Unemployment ticked up in April 2019, moving to 5.2%, with Underemployment shifting to 8.6%. The latest data came just as the RBA’s leadership commenced a discussion about a new ‘natural’ full employment rate. One that is perhaps lower than the nominal 5% we have been operating to.
On topic, RBA Assistant Governor, Luci Ellis used a mid-June speech to re-assert the RBA’s obligations: to pursue target inflation between 2 and 3 per cent and to pursue ‘full employment’.
We place ‘full employment’ in parentheses because Ellis was effectively exploring what full employment really means, whether it is changing and what the implications of that are.
Ellis defined it this way::
“The rate of unemployment consistent with ‘full employment’ was the ‘non-accelerating inflation’ rate of unemployment, or ‘NAIRU’.”
NAIRU is an important principle because it is only when unemployment falls below it that wages should start to grow at a relatively faster rate, sufficient to force inflation up.
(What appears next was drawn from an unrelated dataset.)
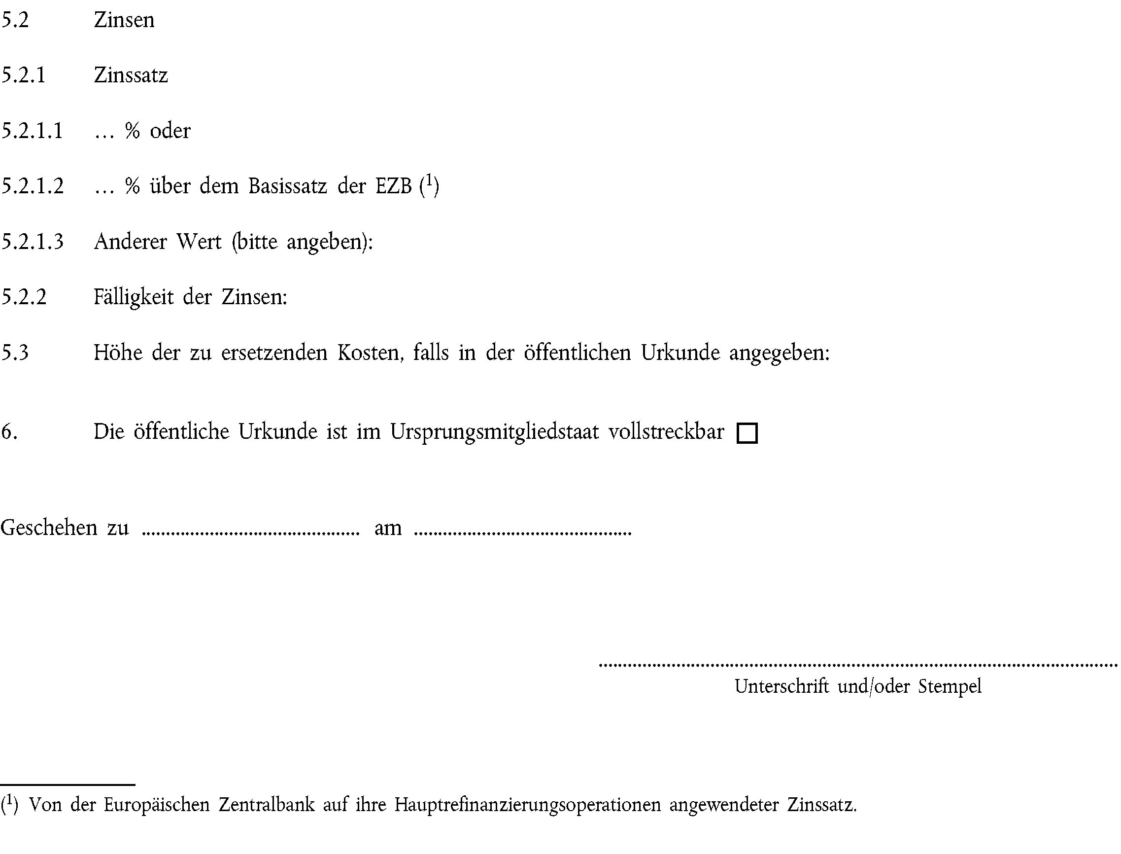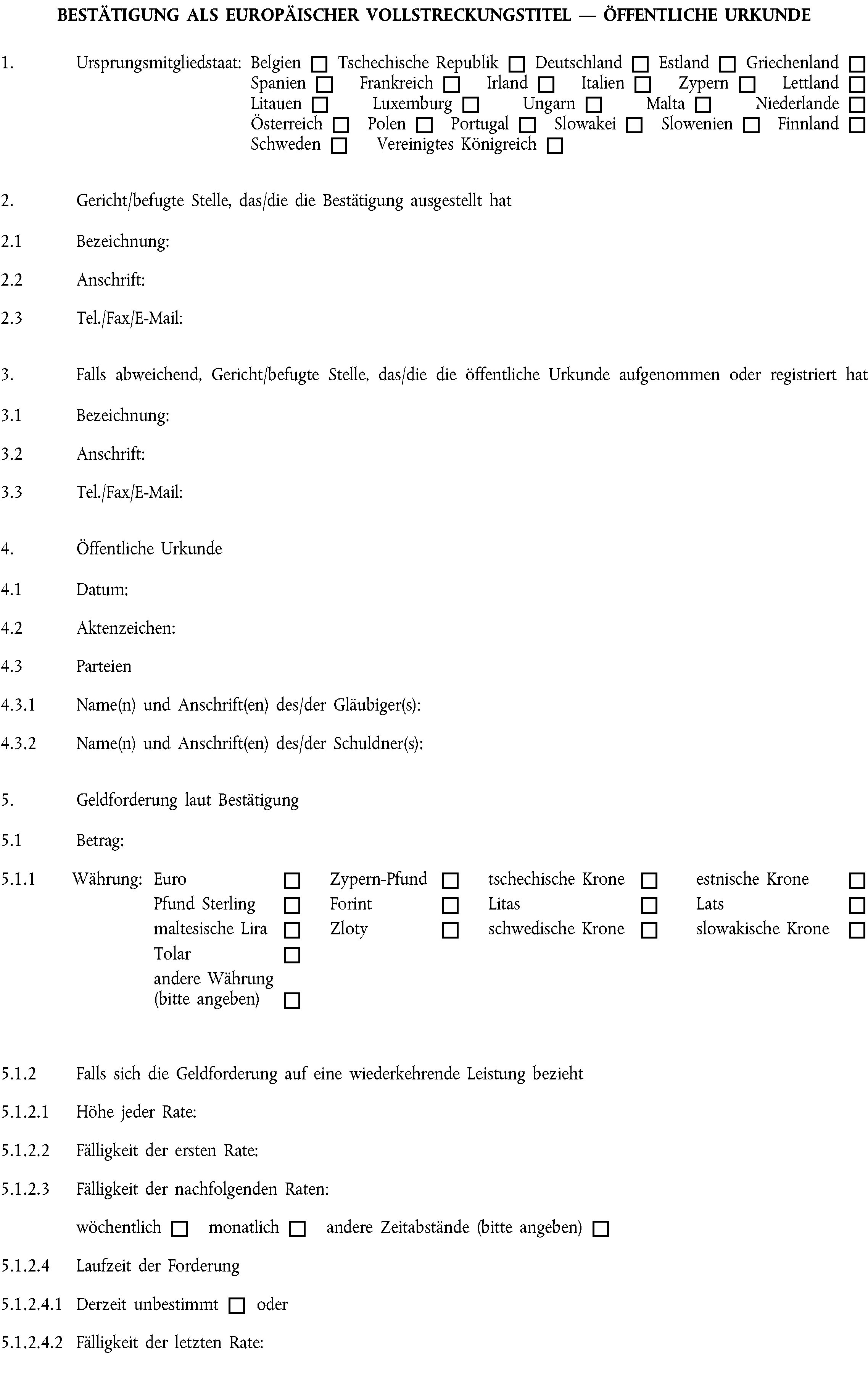 (1) Eine öffentliche Urkunde über eine Forderung im Sinne von Artikel 4 Absatz 2, die in einem Mitgliedstaat vollstreckbar ist, wird auf Antrag an die vom Ursprungsmitgliedstaat bestimmte Stelle unter Verwendung des Formblatts in Anhang III als Europäischer Vollstreckungstitel bestätigt.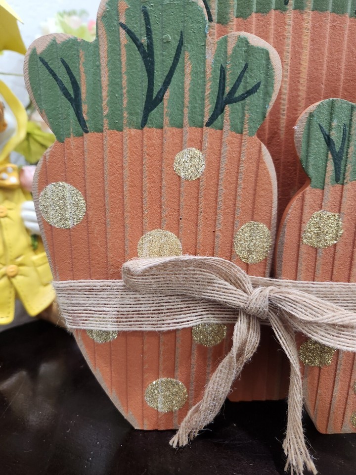 Easter Spring Rabbit Carrots Gold Glitter Polka Dots Tabletop Wood Sign Decor

So of late we have been hearing the RBA talk up the need for wages increases because they will assist price inflation and therefore economic growth. Fair enough, but why have private sector wages been so stubborn, in an economy where unemployment is pulling into that nominal 5% full employment point?
Ellis effectively says that the factors (behaviours of employers and workers in the economy) impacting on economies may be leading to the NAIRU being lower than was previously the case. The chart below is a good example.
Next, Ellis goes on to describe the behaviours observed and applied to the RBA’s NAIRU model, saying pretty definitively:
“We have therefore gradually revised down the estimate of the prevailing NAIRU from 5¼ per cent a few years ago to 4½ per cent now.”
Lets drill into this more. The RBA model has been adjusted because the behavior the RBA has observed over the last five years is lower wages growth than anticipated at different unemployment rates.
The result is an output that is a two-thirds chance the NAIRU is between 4 and 5 per cent, as the chart below shows.
The implication for the Australian economy is relatively clear, in our mind. Before there will be behavioural change that leads towards higher wages growth, Australia’s unemployment rate needs to move significantly lower. Shifting it down from 5.2% to 4.5% is no mean feat!
As we hone in on the ‘recession debate’, the low wages growth factor may stand out more than any other. Citi’s Josh Williamson pointed out that household income was falling below company profits as a share of GDP. He told the ABC:
“GDP benefits [are] still accruing to owners of capital, not workers,”
“On the other hand, wages as a share of GDP eased slightly to 51.8 per cent, close to a multi-decade low.”
As a contribution to the same debate, IFM’s chief economist Alex Joiner weighed in to discuss the challenges of productivity. In GDP terms, this is measured on the gross value added for each hour worked basis. Over the year-ended March, the GVA is down 0.9% and has fallen for six of the last nine quarters. Joiner argues that is suppressing wages growth and ‘hurting both the broader economy and suppressing wage growth.’
He called for more effort on:
“Reducing regulatory barriers, meaningful and fair tax reforms, encouraging investment in technology and investing in skills and education…”
The outcome from Joiner’s perspective is to:
“…produce more and get greater productivity in the workplace, [because] it will lead to workers accessing higher wage growth.”
In a slowing economy, that is why the RBA Governor, Philip Lowe focused some attention onto infrastructure expenditure by governments. In a recent speech he advocated for more infrastructure expenditure, saying:
“I think now’s the right time to do it — we’ve got the capacity in the economy and the labour force, and it adds to the supply capacity of the economy, so it increases the productive capacity of the economy over time.”
Keep in mind that government infrastructure expenditure is already a key driver of GDP growth and you might get the impression that the RBA Governor thinks government is going to have to do even more of the heavy lifting in the economy in coming months and years.